Task statement — The line that contains "แพท บุญสินสุข ได้เขียนไว้ในหนังสือ" marks the start. Please set it down, with every later line of the data, exactly and without pictures.
=-=-=-=-=
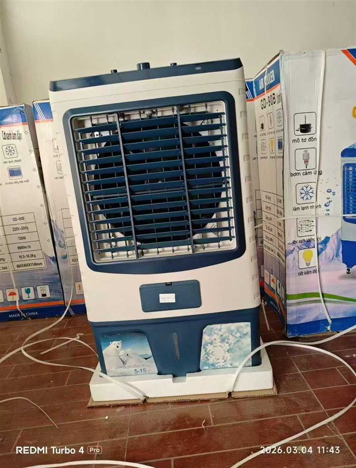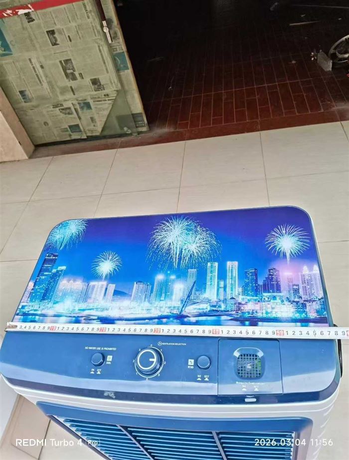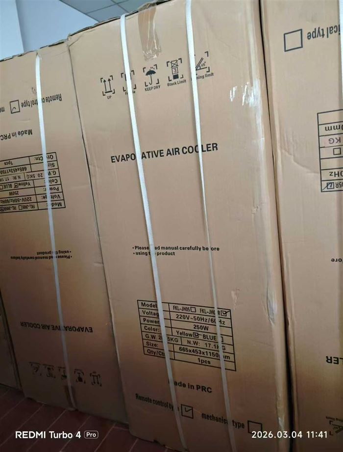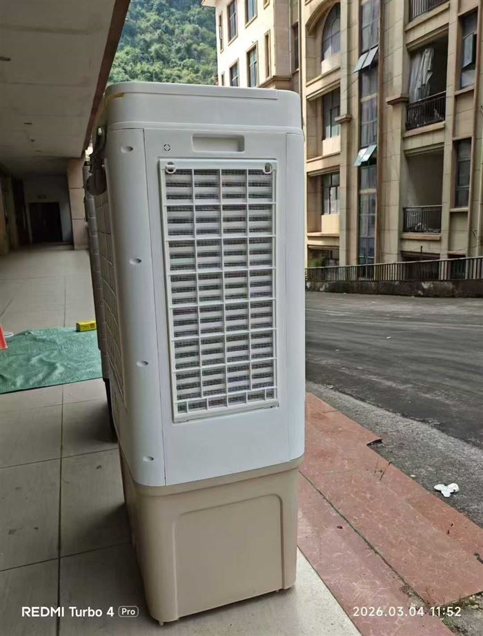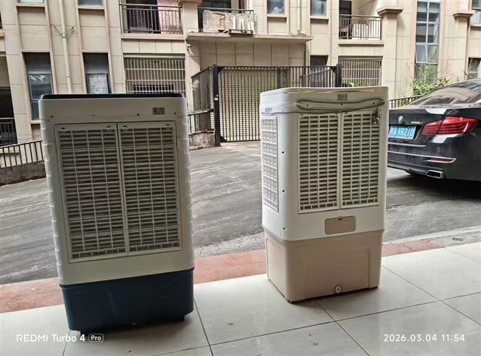 两款式大型水冷风约60台,实物高度约115厘米,宽度约60厘米,厚度约40厘米,按键款约30台,遥控款约25台。
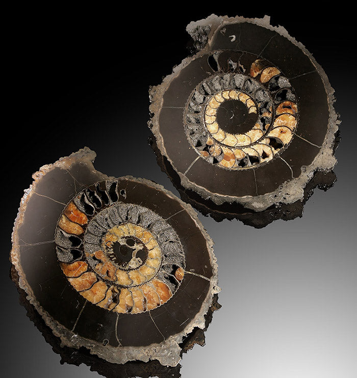 Pyritized Ammonites are considered some of the most collectable type of Ammonite fossil specimens. Iron Pyrite, also known as "Fool's Gold" enters the Ammonites chambers, replacing the animal's structure cell by cell. When the cellular replacement process goes just right, a magnificent fossil specimen such as the one pictured is created. The name Pyrite is derived from the Greek πυρίτης (puritēs), "of fire" or "in fire," from πύρ (pur), "fire.”
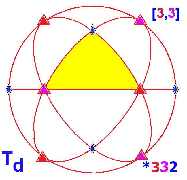 구면에서 정사면체 대칭은 고른 다면체 5개를 만들고, 다듬음 연산을 통해 여섯 번째 형태를 만든다. 정사면체 대칭은 한 꼭짓점은 거울이 두 개 있고, 다른 두 꼭짓점은 거울이 세 개 있는 기본 삼각형 (3 3 2)로 나타난다. 콕서터 군 A2 또는 [3,3]과 콕서터 다이어그램으로도 나타낼 수 있다.
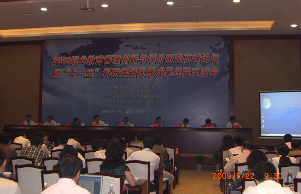 2009职业教育管理创新与评价研究高峰论坛于 5月 23日 至25日在绍兴举行,国家教育部、中央教科所的领导和来自全国各地的120多名职教专家齐集一堂,研讨职业教育教学改革大计。在开幕式上,作为本次论坛的承办单位,绍兴中专娄华水校长做了精彩发言,介绍了学校全人教育理念,汇报了模块化教学改革的成果。
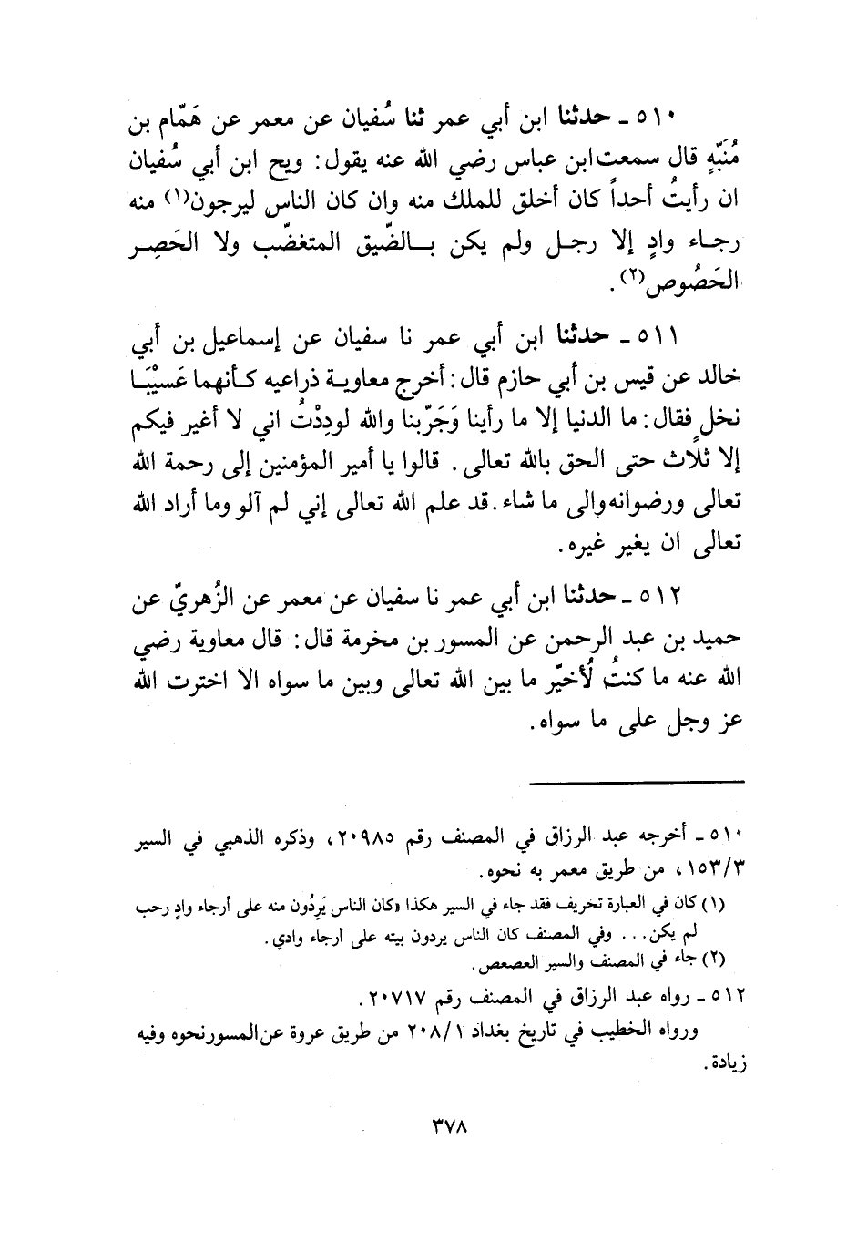 510 - حَدَّثَنَا ابْنُ أَبِي عُمَرَ، ثنا سُفْيَانُ، عَنْ مَعْمَرٍ، عَنْ هَمَّامِ بْنِ مُنَبِّهٍ، قَالَ: سَمِعْتُ ابْنَ عَبَّاسٍ رَضِيَ اللَّهُ عَنْهُ، يَقُولُ: «وَيْحَ ابْنِ أَبِي سُفْيَانَ إِنْ §رَأَيْتُ أَحَدًا كَانَ أَخْلَقَ لِلْمُلْكِ مِنْهُ، وَإِنْ كَانَ النَّاسُ لَيَرْجُونَ مِنْهُ رَجَاءَ، وَادٍ إِلَّا رَجُلٌ، وَلَمْ يَكُنْ بِالضَّيِّقِ الْمُتَغَضِّبِ وَلَا الْحَصِرِ الْحَصُوصِ»
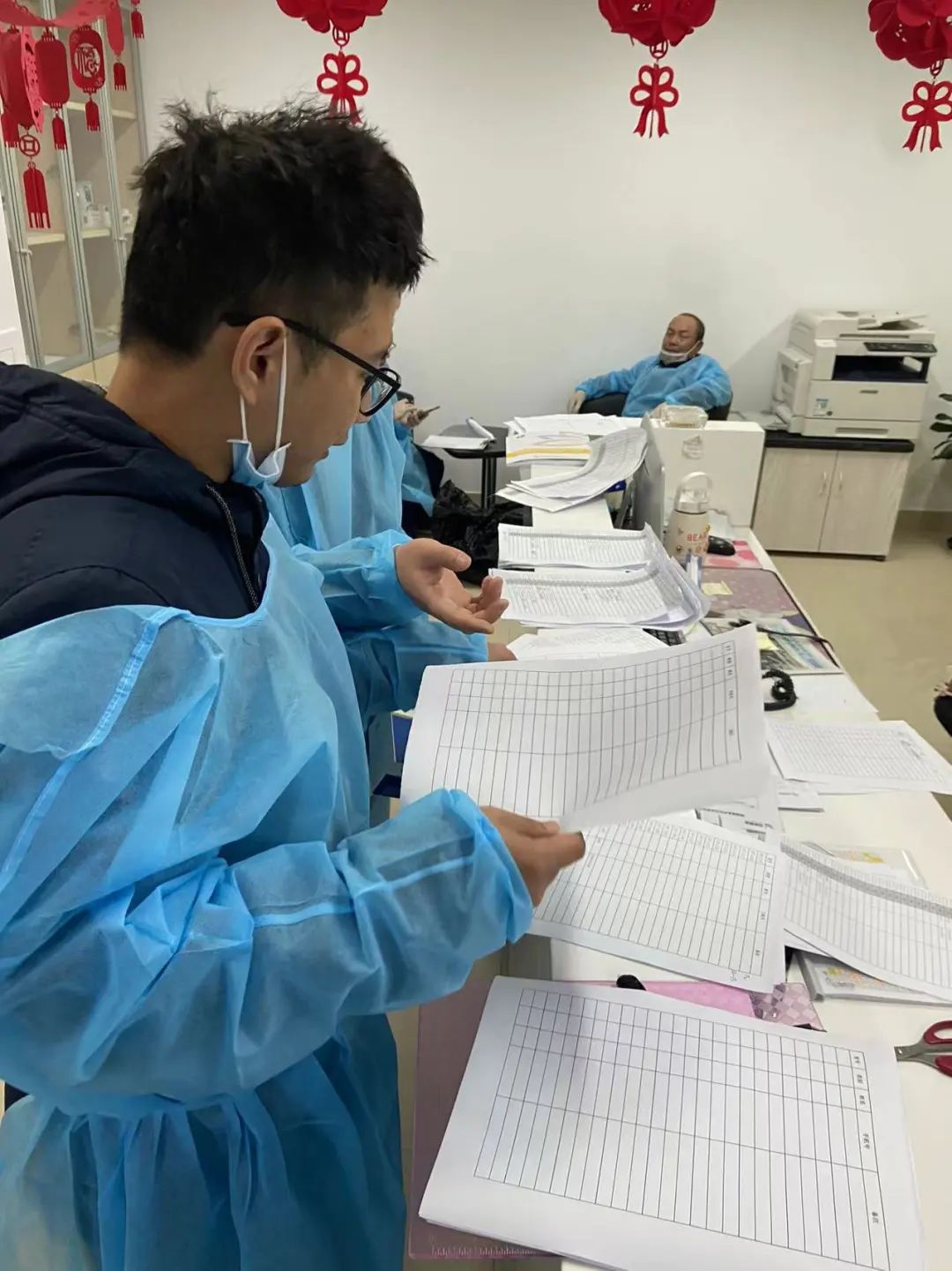 3月26日下午16:00,“特别行动队”再次被镇政府委以重任,抓紧本周末这个疫情防控关键窗口期,全权负责滨河居委会下辖小居民小区的抗原自检工作。接到命令后,12名“尖兵”迅速集结,经培训后披挂上阵、带上成箱的试剂盒踏上了走家串户的“征途”。23:30分,与最后一户住户挥手道别之时,1100多户居民均未出现一例阳性,此时,已经忘记了饿、忘记了渴的蒋捷他们终于舒了一口气。3月27日,自本月初疫情发生以来就没有回到过市区家中的蒋捷被封闭在了发现阳性病例的宿舍小区里。晚9点,上海发布发出通告,浦东即将全域封闭展开新一轮筛查, 早就与蒋捷有了默契的搭档黄俊杰在蒋捷的“遥控”调度下,立即带着伙伴们留宿在了办公室里,第二天一早5点在微露的晨曦中搭起了帐篷、检测台。又一轮核酸检测即将在今天完成,他们又一次紧张忙碌了起来,“每个人都竭尽所能做好自己能做的事情,这一场上海“战疫”就没有不胜利的道理”,如果有人问他们在想什么,这就是他们心中最朴实的答案。
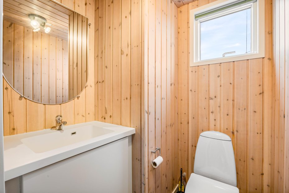 Et af sommerhusets highlights gemmer sig på det store badeværelse; det er nemlig indrettet med både spabad og sauna, så I kan komme helt ned i gear på ferien. Der er desuden et gæstetoilet, så I slipper for lange køer, når der skal børstes tænder og gøres klar til en ny feriedag i det vestjyske.
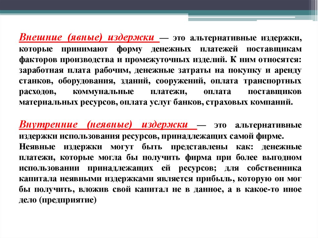Внешние (явные) издержки — это альтернативные издержки,которые принимают форму денежных платежей поставщикам
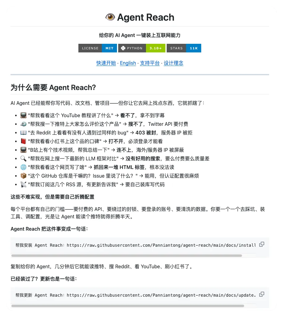 下载地址 📥:pip install agent-reach
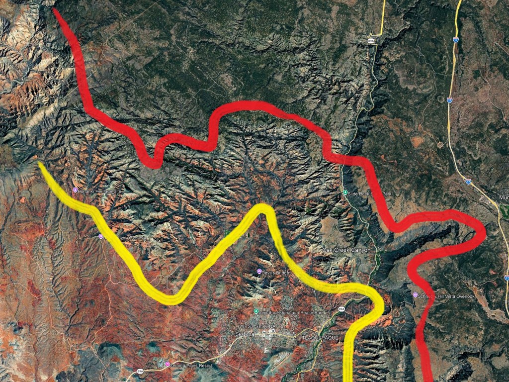 And below I have painted a yellow line and a red line on the above image. The yellow indicates the base of the Mogollon Rim. The red indicates the top of the Mogollon Rim. The exact path of both lines is a little arbitrary, as all geography can be arbitrary in transition zones. But you now have a general idea.
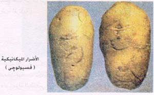 تنتج الأضرارالميكانكية أثناء الحصاد وخاصة الحصاد الآلى .. أما الكدمات فتحدث نتيجة سوء معاملة الدرنات عند التداول أو عند كدم أو دك أجولة البطاطس فى الأرض أثناء التعبئة والتخزين فتحدث الكدمات التى تظهر بوضوح عند شق الدرنات فتشاهد مساهات أرجوانية اللون قريبة من قشرة الدرنة أما التشققات فتحدث فى جلد الدرنة وغالباً مايتكون لون بنى أسفل هذه الشقوق .
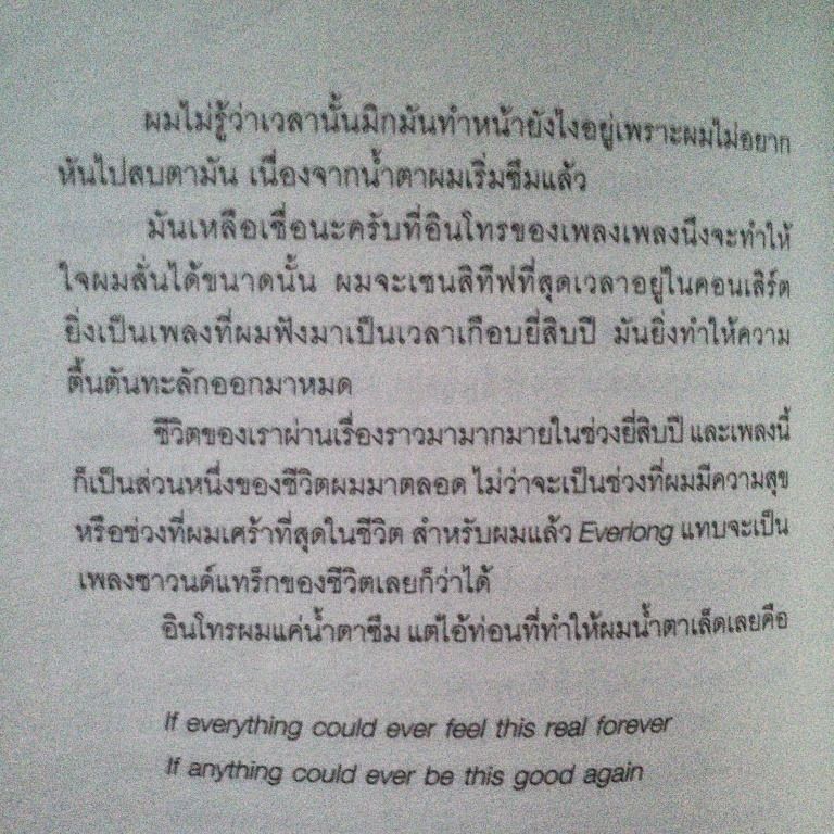 การเดินทางมาเพื่อชมวงนี้เล่นสดสักครั้ง เหมือนจะดูไร้สาระมากเลย แต่นั่นแหละ มันเป็นเป้าหมายที่ทำให้เราเดินทาง แม้เป้าหมายจะเล็กน้อยแต่ก็ทำให้เราอิ่มใจ และแม้ว่ากลับมาแล้วเงินในบัญชีเราจะคงเหลือนไม่ถึง 10 บาทก็ตาม ดังที่ แพท บุญสินสุข ได้เขียนไว้ในหนังสือ
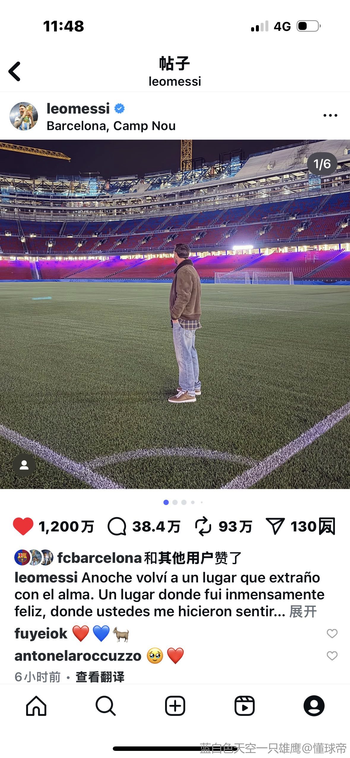 扫描下载懂球帝首页>动态> 发布仅4个小时后,梅西造访诺坎普社媒动态点赞已突破1000万
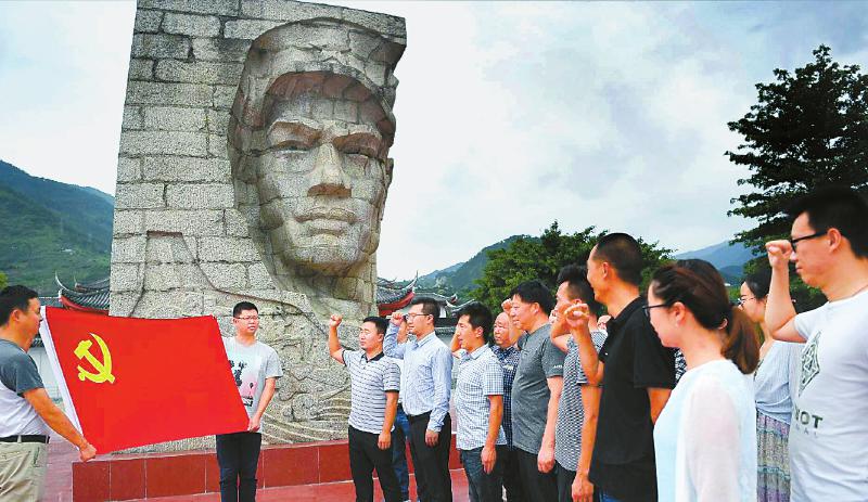 位于石棉县的安顺场中国工农红军强渡大渡河纪念碑前,党员干部在党旗前宣誓,开展“不忘初心、牢记使命”主题教育。本报记者衡昌辉摄(资料图片)
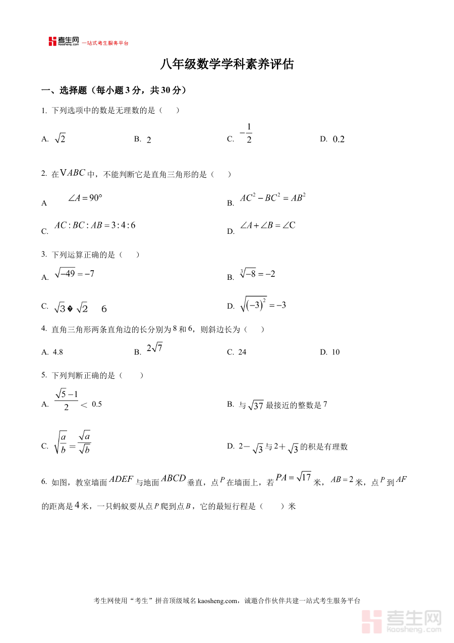 此资料主要适用于河南省郑州市第五十八中学八年级在读学生,也可供该校数学教师及学生家长参考使用;借助该原卷版资料,学生能进行针对性的阶段检测练习,教师可辅助实施备考规划与教学指导,有效提升数学学习的针对性与效率。
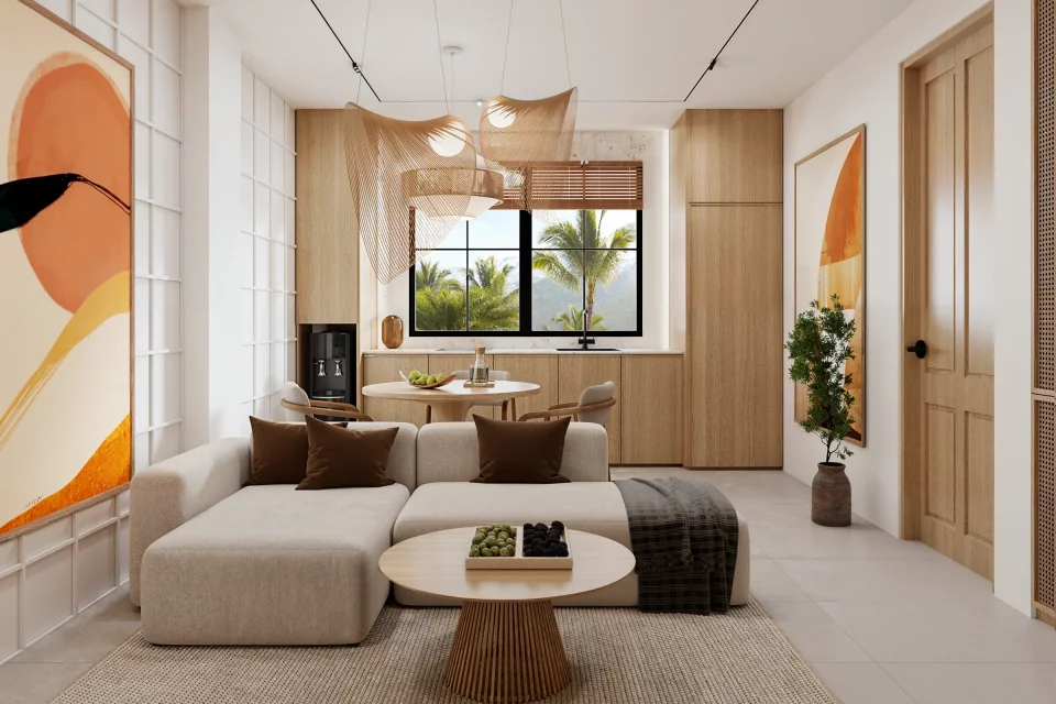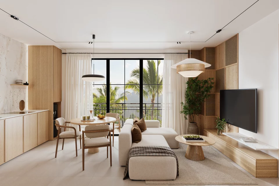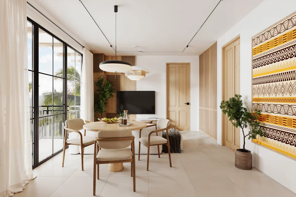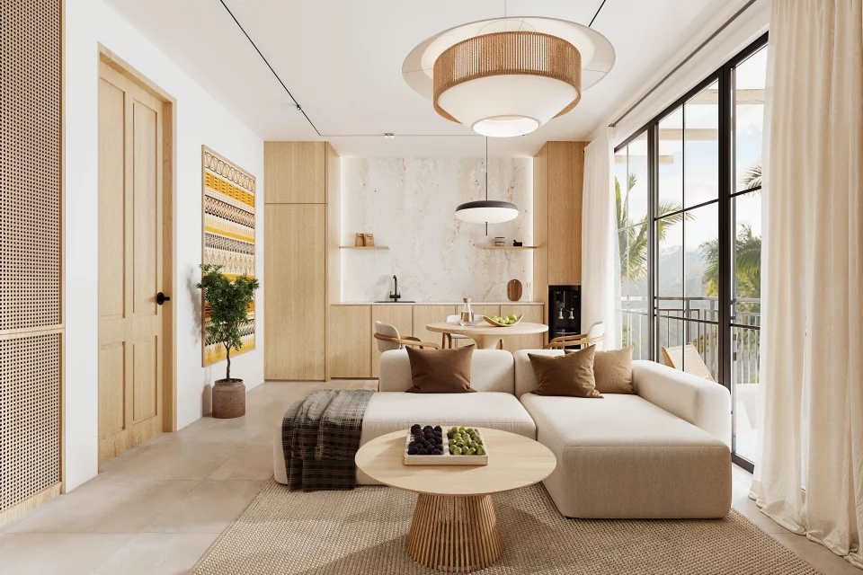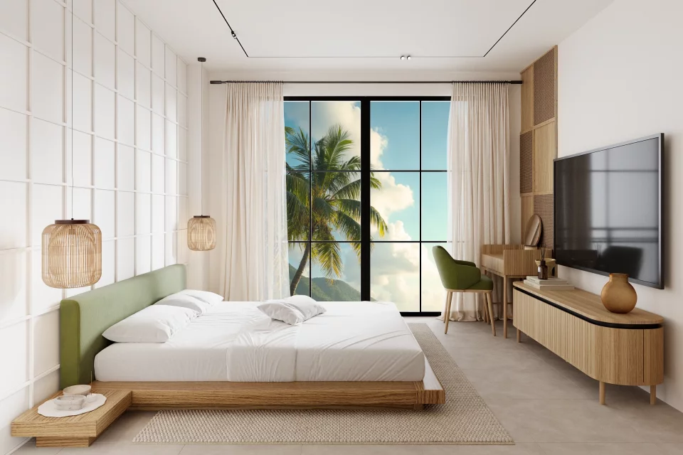 — Интерьеры выполнены в балийском стиле с использованием природных материалов, светлых тонов и мягкой текстуры дерева.
=-=-=-=-=
Answer below —
 การเดินทางมาเพื่อชมวงนี้เล่นสดสักครั้ง เหมือนจะดูไร้สาระมากเลย แต่นั่นแหละ มันเป็นเป้าหมายที่ทำให้เราเดินทาง แม้เป้าหมายจะเล็กน้อยแต่ก็ทำให้เราอิ่มใจ และแม้ว่ากลับมาแล้วเงินในบัญชีเราจะคงเหลือนไม่ถึง 10 บาทก็ตาม ดังที่ แพท บุญสินสุข ได้เขียนไว้ในหนังสือ
 扫描下载懂球帝首页>动态> 发布仅4个小时后,梅西造访诺坎普社媒动态点赞已突破1000万
 位于石棉县的安顺场中国工农红军强渡大渡河纪念碑前,党员干部在党旗前宣誓,开展“不忘初心、牢记使命”主题教育。本报记者衡昌辉摄(资料图片)
 此资料主要适用于河南省郑州市第五十八中学八年级在读学生,也可供该校数学教师及学生家长参考使用;借助该原卷版资料,学生能进行针对性的阶段检测练习,教师可辅助实施备考规划与教学指导,有效提升数学学习的针对性与效率。
 — Интерьеры выполнены в балийском стиле с использованием природных материалов, светлых тонов и мягкой текстуры дерева.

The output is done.